**TRY IT**
Would you retype exactly the lines below, starting with the one that has "Este documento resume" and going on through the one that has "This sounds convoluted, perhaps;", with no pictures and nothing else?

[Records drawn from a dataset]
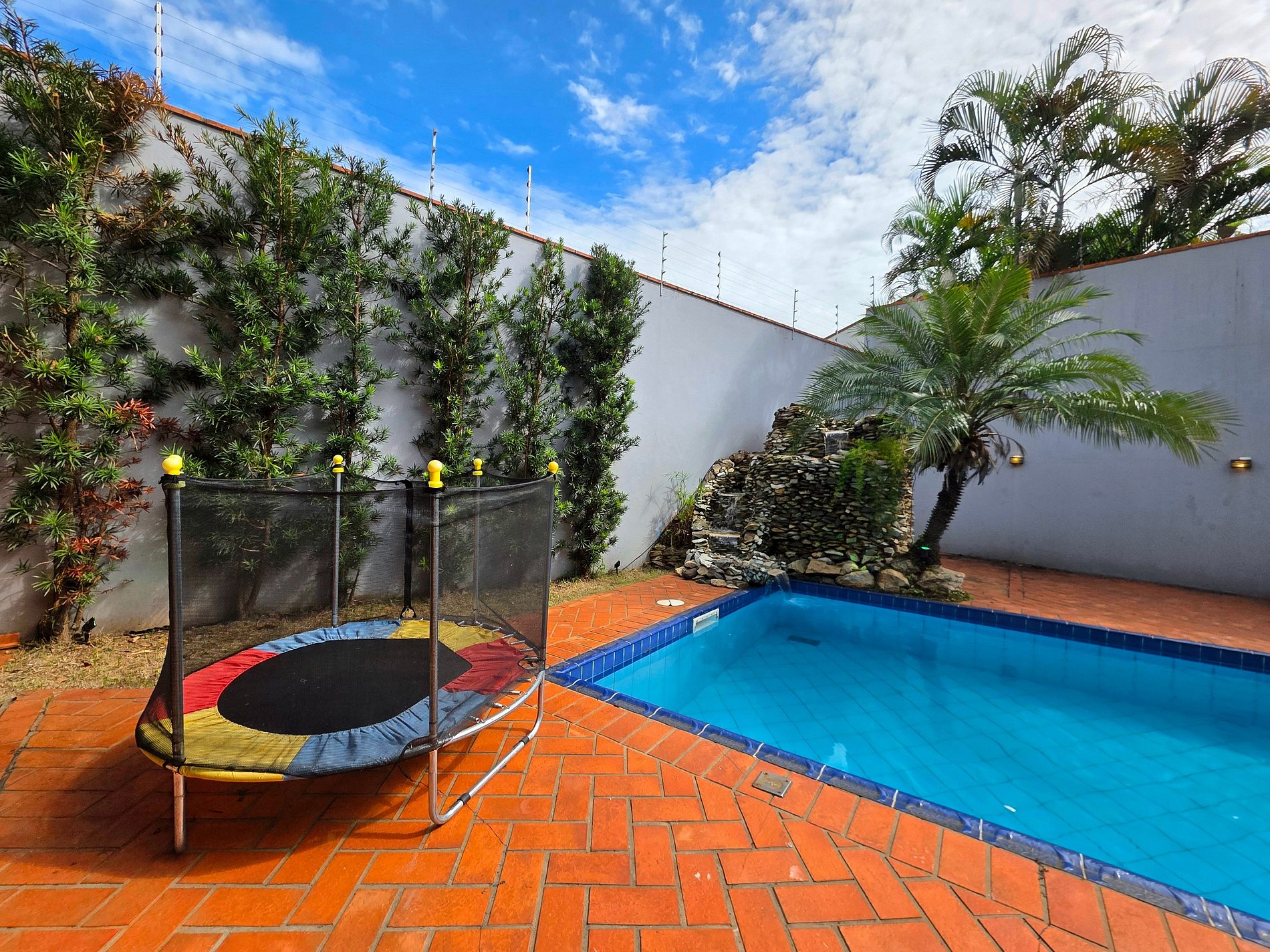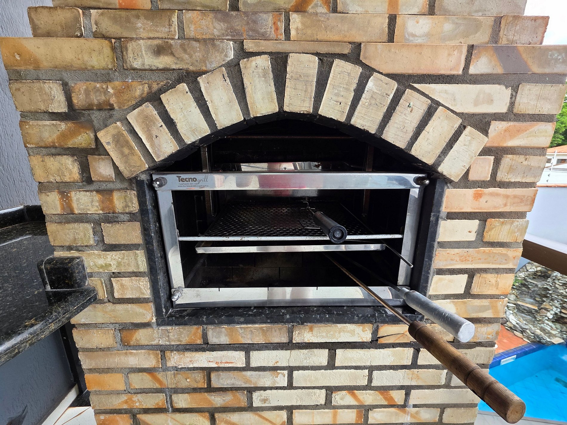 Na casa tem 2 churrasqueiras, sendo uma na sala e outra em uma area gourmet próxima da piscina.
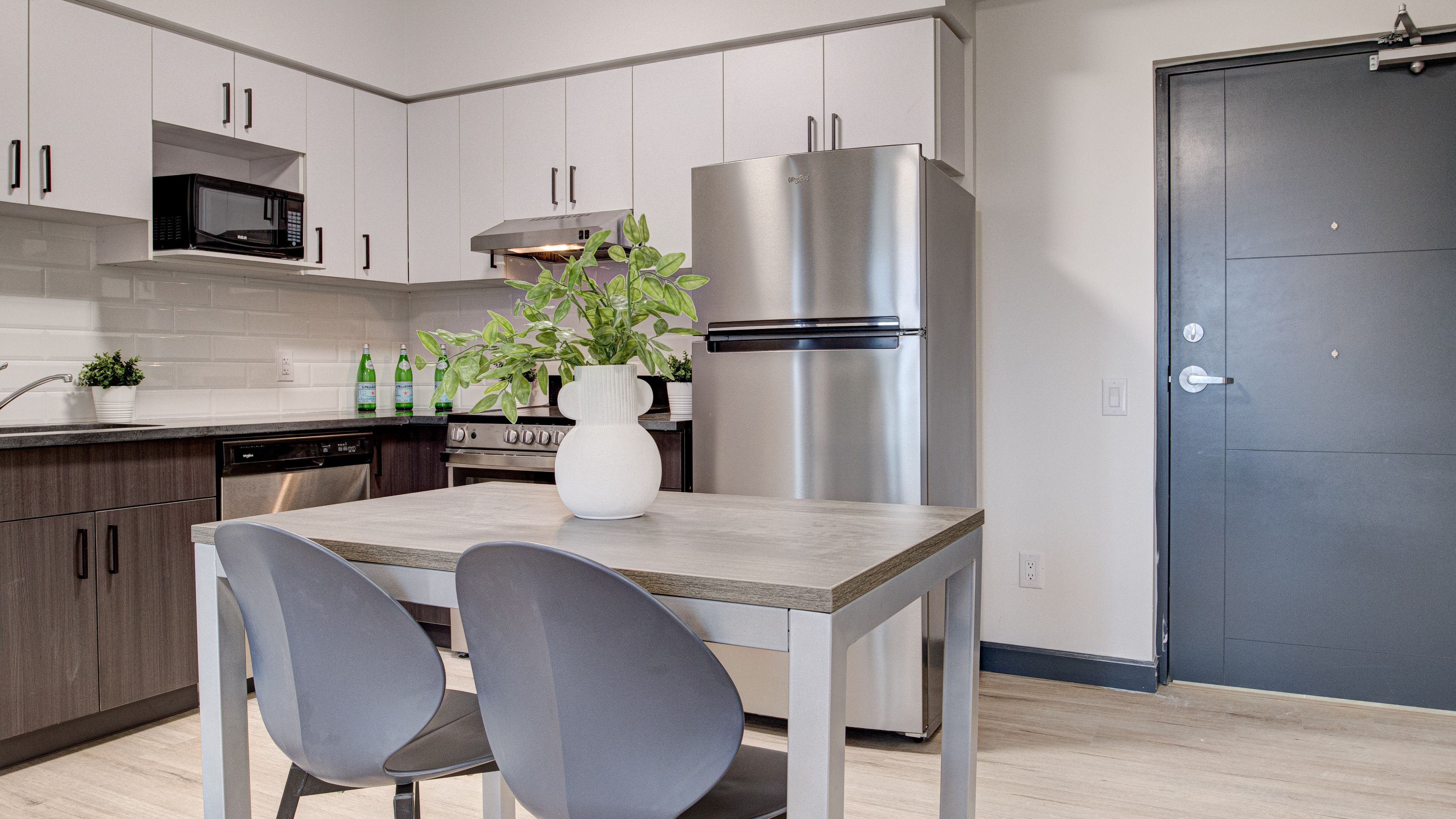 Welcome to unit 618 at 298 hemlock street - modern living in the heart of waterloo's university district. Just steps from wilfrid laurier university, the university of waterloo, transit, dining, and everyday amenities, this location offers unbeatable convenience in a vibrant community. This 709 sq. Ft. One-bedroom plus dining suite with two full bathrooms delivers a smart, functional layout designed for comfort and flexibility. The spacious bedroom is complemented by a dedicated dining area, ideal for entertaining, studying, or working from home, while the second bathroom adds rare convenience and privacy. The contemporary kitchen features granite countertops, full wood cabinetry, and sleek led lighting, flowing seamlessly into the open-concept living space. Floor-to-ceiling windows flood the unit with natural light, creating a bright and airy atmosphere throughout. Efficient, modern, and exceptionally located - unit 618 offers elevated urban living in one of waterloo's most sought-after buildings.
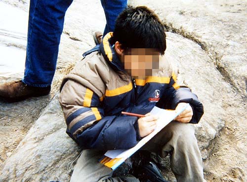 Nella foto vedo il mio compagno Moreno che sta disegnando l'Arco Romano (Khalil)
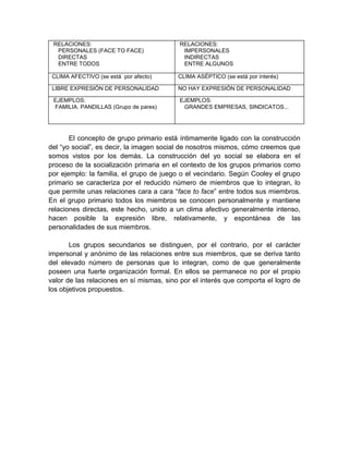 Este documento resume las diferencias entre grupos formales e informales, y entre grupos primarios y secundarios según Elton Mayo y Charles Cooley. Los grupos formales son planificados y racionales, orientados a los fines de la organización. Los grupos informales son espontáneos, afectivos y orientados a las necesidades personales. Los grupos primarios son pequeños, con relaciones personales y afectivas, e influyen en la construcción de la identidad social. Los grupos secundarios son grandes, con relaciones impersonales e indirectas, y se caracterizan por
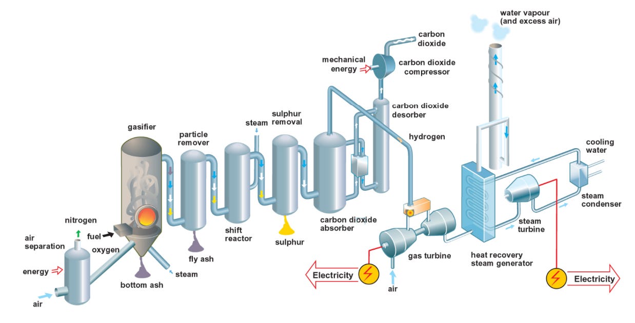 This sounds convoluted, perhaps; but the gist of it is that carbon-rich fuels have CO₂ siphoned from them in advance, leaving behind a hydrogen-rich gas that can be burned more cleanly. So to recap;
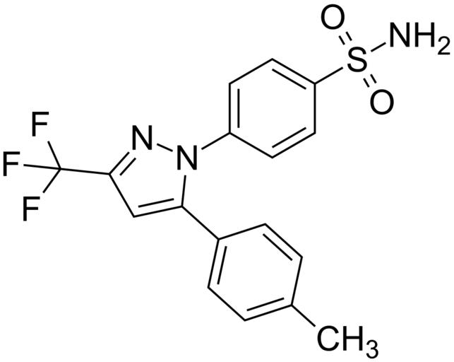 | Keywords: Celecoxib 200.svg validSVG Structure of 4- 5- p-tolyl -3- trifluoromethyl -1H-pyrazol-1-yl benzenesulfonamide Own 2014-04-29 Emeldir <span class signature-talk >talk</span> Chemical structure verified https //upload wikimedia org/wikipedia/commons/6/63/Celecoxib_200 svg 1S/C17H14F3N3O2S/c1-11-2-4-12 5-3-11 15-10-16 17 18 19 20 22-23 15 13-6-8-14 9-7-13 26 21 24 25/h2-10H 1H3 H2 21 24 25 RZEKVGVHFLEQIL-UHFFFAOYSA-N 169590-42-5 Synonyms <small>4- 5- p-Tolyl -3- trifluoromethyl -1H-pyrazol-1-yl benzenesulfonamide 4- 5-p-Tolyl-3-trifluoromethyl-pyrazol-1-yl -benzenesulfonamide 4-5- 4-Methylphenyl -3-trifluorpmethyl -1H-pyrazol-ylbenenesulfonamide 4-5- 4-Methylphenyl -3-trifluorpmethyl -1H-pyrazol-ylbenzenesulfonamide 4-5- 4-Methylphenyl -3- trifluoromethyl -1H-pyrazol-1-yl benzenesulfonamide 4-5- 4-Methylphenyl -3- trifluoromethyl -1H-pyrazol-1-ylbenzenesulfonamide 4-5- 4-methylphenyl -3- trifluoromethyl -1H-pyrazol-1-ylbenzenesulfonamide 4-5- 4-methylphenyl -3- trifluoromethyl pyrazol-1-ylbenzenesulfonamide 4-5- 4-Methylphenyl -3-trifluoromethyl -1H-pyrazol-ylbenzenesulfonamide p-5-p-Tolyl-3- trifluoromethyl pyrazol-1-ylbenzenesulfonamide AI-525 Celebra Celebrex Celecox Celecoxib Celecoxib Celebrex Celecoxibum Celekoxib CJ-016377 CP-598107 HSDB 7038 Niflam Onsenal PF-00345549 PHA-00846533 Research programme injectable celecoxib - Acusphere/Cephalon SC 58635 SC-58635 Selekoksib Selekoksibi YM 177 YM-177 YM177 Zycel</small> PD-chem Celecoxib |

**YOUR RESPONSE**
 Este documento resume las diferencias entre grupos formales e informales, y entre grupos primarios y secundarios según Elton Mayo y Charles Cooley. Los grupos formales son planificados y racionales, orientados a los fines de la organización. Los grupos informales son espontáneos, afectivos y orientados a las necesidades personales. Los grupos primarios son pequeños, con relaciones personales y afectivas, e influyen en la construcción de la identidad social. Los grupos secundarios son grandes, con relaciones impersonales e indirectas, y se caracterizan por
 This sounds convoluted, perhaps; but the gist of it is that carbon-rich fuels have CO₂ siphoned from them in advance, leaving behind a hydrogen-rich gas that can be burned more cleanly. So to recap;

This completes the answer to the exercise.